Sendric wrote:Correct me if I'm wrong, but it seems to me that you are suggesting that by allowing larger coalitions a chance for victory, we would be encouraging the breaking of alliances. I don't really agree with this assessment, and I'm not really clear on why it would really make a difference. You keep citing the last game, so let's use that as an example. If the game played out exactly the same as the last one, but with the ability to have larger coalitions, wouldn't it just have been a slightly larger coalition within that alliance that won instead of the results we got? If we added Congo to that winning coalition, wouldn't it have still won? If your beef is with that 11-nation alliance out-voting everyone else, what's the difference between Cuba-Kenya-Zambia vs Congo-Cuba-Kenya-Zambia? I'm very curious about how you think it would have played out had this rule been in effect. Personally, I don't think it would have made much of a difference.
Here's what I wrote last time regarding various combos, keeping in mind the thresholds I used were calculated assuming you can't vote for coalitions that don't include you (raise them otherwise):
---
The last game's Afr+NA team would have needed 48 votes to get all 7 into a winning coalition, they had 42. If only the E's banded together (Cuba+Afr) they would have had 27, one shy of the 28 needed for a 4-E victory. Adding Mexico would change the target to 31, and they'd have 32 votes. Adding Canada would change the target to 36, and they'd have 37 votes...
---
3 E's would need 26 votes, but the actual winning coalition only had 20 on their own at game end.

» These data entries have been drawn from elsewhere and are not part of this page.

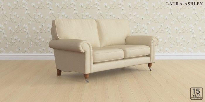 6.12.1 Buy Kingston by Laura Ashley 2 Seater Sofa Edwin Herringbone Natural Low Chrome Castor - Teak from the Next UK online shop Click here to use our accessible website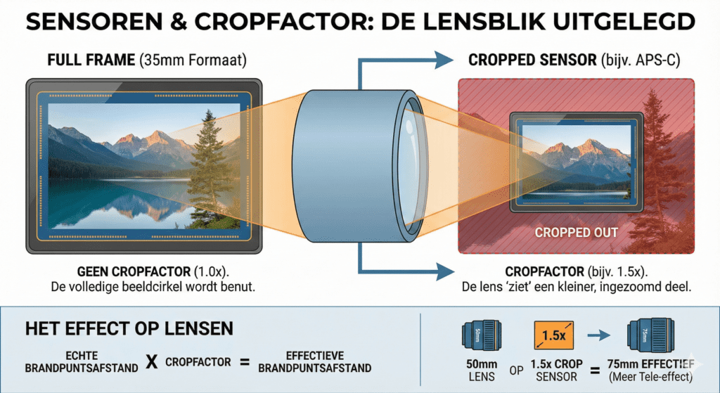 Vorige week stond ik naast een collega-fotograaf op een persmoment. Hij had een Micro Four Thirds camera met een 25mm lens. “Dat is toch veel te kort voor portretten?” vroeg ik. Hij grijnsde. “Dit is een 50mm equivalent door de cropfactor.” Op dat moment realiseerde ik me hoeveel verwarring dit onderwerp nog steeds veroorzaakt. De cropfactor bepaalt namelijk hoe je lens zich gedraagt op verschillende camerasystemen. En dat heeft directe gevolgen voor je beelduitsnede, je lenzenpark en je portemonnee.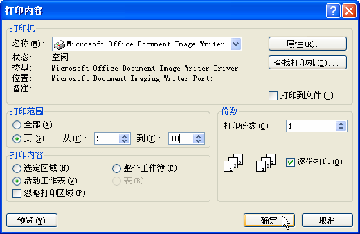 4、单击 【页】 单选按钮,再单击其右侧的微调按钮可以设置打印的起始范围。
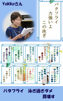 | Yokkoさんは、永年水泳を嗜まれ、何事も速やかで、難しい古文書の崩し字等を難なく読み書き され、羨ましく思った事を書きました。Yokkoさんからは、パッチワークを習った喜びの言葉を頂きました。 |

I actually do not have a favoured outcome from this point in the game, that's not my point. All 7 want to stick together and take the victory together? Fine, great, they deserve it, make it official (although their opponents will have a little more time to try and fight it). Or maybe a subset wants to grab a smaller (and therefore greater) coalition victory, then maybe the others get upset and do something about it, maybe getting lured by unsatisfied opponents outside the alliance. Exciting, that's good too; it's like reducing the draw size in Diplomacy.
The important point is that *capping* it at 3 takes all the tension out of it, especially since the vote is likely to be final. Best strategy is to not rock the boat and hope somehow you end up in the winning coalition. Rather than struggling for it, fighting for it, or negotiating a larger coalition and being a part of that.
And by doing that, by adding flexibility, you make being part of the winning coalition so much more meaningful. And so hopefully people will fight more over it, rather than just hoping for the best at election time.
A 7 player alliance, with 4 helpers, anointing 3 winners? That's less satisfactory. The line between winner and loser is clearly blurred. But maybe you want that. I feel it makes the game less competitive, and therefore less interesting than it could be.
Regarding different versions of the game, I did see the previous game's results and factored it into my thinking as best I could; I know it had a weird pirate faction that was controversial. I don't have results from any other instances, so if you can point me to those or email me the details that could be interesting!
There is an additional factor that slows end-game fighting though, the emptying out of the board from nukes which tends to lock up the game. That's why I included making nuke SC damage temporary in my last proposal.